On 1 April 2010, the army reserve service battalions were modernized and aligned to represent the brigade group they were part of and to which they provide the combat service support (logistic and maintenance). Though the number of units was reduced from 19 to 10, the overall strength increased in-line with their role, the provision of combat support, logistic and maintenance resources to their respective brigade groups.

===Reserve Force===
- 31 Canadian Brigade Group London, Ontario
  - 31 Service Battalion, amalgamation of the 21 (Windsor), 22 (London), and 23 (Hamilton) service battalions
- 32 Canadian Brigade Group, Toronto, (Ontario)
  - 32 Service Battalion, former 25 (Toronto) Service Battalion
- 33 Canadian Brigade Group, Ottawa, (Ontario)
  - 33 Service Battalion, amalgamation of the 26 (North Bay) and 28 (Ottawa) service battalions
- 34 Canadian Brigade Group, Montreal, (Quebec)
  - 34 Service Battalion, former 51 (Montreal) Service Battalion
- 35 Canadian Brigade Group, Quebec City, (Quebec)
  - 35 Service Battalion, amalgamation of the 52 (Sherbrooke) and 55 (Quebec City) service battalions
- 36 Canadian Brigade Group, Halifax, (Nova Scotia)
  - 36 Service Battalion, amalgamation of the 33 (Halifax) and 35 (Sydney) service battalions
- 37 Canadian Brigade Group, Moncton, (New Brunswick)

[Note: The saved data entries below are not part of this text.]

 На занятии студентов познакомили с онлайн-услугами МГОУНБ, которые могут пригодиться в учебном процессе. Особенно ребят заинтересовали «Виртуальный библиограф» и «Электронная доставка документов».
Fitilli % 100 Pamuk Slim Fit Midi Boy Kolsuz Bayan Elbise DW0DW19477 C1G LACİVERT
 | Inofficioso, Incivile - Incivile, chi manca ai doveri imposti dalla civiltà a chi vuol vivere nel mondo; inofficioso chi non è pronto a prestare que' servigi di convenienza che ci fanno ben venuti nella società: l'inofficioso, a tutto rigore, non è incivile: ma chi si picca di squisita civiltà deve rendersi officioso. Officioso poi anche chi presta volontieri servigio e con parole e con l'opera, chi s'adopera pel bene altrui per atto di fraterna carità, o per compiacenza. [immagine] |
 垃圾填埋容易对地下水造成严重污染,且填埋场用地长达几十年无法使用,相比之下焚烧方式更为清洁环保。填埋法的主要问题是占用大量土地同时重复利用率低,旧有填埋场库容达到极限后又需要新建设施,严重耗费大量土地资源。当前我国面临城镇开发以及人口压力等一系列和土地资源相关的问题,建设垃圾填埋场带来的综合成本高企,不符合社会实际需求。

  - 37 Service Battalion, amalgamation of the 31 (Saint John), 32 (Moncton), and 36 (Newfoundland) service battalions
- 38 Canadian Brigade Group, Winnipeg, (Manitoba)
  - 38 Service Battalion, amalgamation of the 16 (Saskatchewan), 17 (Winnipeg), and 18 (Thunder Bay) service battalions
- 39 Canadian Brigade Group, Vancouver, (British Columbia)

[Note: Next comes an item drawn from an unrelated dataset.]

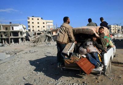 1月12日,在加沙地帶南部的拉法,幾名巴勒斯坦人帶著從廢墟中找到的物品乘車(chē)離開(kāi)。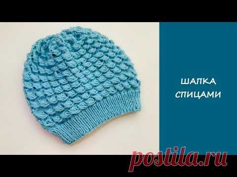 Простая шапка круговыми спицами | Объемный узор

  - 39 Service Battalion, amalgamation of 11 (Victoria) Service Battalion and 12 (Vancouver) Service Battalion
- 41 Canadian Brigade Group, Calgary, (Alberta)
  - 41 Service Battalion, amalgamation of 14 (Calgary) Service Battalion and 15 (Edmonton) Service Battalion

==Operational employment==
Although Canadian service battalions were a product of the Cold War and were expected to operate as complete units in support of Canadian Army brigades and brigade groups in the field, since the September 11 terrorist attacks, the non-linear battlefield has meant a shift towards the provision of service support to ongoing operations, e.g. in Afghanistan being provided by National Support Elements, tailored to the task at hand and not necessarily formed of just one service battalion. Service battalions are now thus largely force-generation units, and provide essential support in garrison.

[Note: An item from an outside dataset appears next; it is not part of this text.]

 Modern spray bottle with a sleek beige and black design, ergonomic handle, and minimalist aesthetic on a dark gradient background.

LCol John Conrad bleakly described the evolution of Canadian logistics in his book, What the Thunder Said: Reflections of a Canadian Officer in Kandahar. He deployed to Afghanistan with an establishment capped at 300 all-ranks that almost failed to fuel, fix and feed troops during Operation Medusa in the summer of 2006. The doctrine, he describes, was unprepared for the intensity of mobile 360° warfare. At one point the planners lost count of LAV III cannon ammunition just as the battle group was firing much more ammunition than any calculation tables predicted. He also wrote about his own command group hitting an improvised explosive device west of Kandahar City, conducted the response drills then summoning his administration clerk with mock gravity to draft CF52 General Allowance Claim to replace the underwear he soiled. Conrad's book is a surprising but rare glimpse inside the logistics function in battle.